In general, I would like to note that the excitement around big data seems to be quite excessive (much like this). It seems to me that the more valuable is not the volume, but how exactly to process this data. Those. any combination of TF-IDF - neural network - ALS can give an amazing result if it is possible to creatively work on a limited volume. The problem is probably that managers can beat budgets for the Big Data magic words, and spending resources on research objectives requires a too long-term planning horizon for an ordinary company.

To understand this thought, I will clarify that the zoo of the Hadoop ecosystem (Hive, Pig, Impala, etc.) is gorgeous.

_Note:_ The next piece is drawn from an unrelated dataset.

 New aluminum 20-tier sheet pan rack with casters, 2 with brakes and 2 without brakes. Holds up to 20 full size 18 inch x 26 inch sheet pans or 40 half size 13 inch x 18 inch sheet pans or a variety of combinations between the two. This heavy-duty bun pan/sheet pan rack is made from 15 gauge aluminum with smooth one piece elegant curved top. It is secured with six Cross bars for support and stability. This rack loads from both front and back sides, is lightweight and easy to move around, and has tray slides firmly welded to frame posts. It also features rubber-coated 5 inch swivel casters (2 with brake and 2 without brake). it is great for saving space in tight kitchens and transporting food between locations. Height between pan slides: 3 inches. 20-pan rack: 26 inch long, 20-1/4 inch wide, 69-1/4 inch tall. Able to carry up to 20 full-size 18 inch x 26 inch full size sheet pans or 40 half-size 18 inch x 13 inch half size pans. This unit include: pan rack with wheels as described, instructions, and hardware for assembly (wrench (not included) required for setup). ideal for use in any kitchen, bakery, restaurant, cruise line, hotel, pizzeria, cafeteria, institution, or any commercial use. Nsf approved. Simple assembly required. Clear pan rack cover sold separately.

I myself have been developing a distributed computing system on neural networks (simultaneous execution of multi-threaded applications on multiple servers with synchronization and aggregation of results) for macroeconomic modeling and I understand approximately how much rake lies on this path. Yes, there are tasks where there are no alternatives to these technologies - for example, primitive, but streaming online processing of wild data volumes (conditionally speaking, some analysis of the traffic of cellular subscribers in Moscow). Here Apache Storm or Spark Streaming can create a miracle.

But if we have an array of data on a million customers per year, then sampling every 10th (or even 100th) randomly to build a model of some scoring will give almost the same result as the full array. In other words, instead of the queen of the ball, Data mining has become a stepdaughter, although this is most likely temporary. The excitement will subside, but the experimental approaches that are now being tested on Hadoop clusters will spread and those who are first aware of the prospects for exploring the “small” data will be in the queues.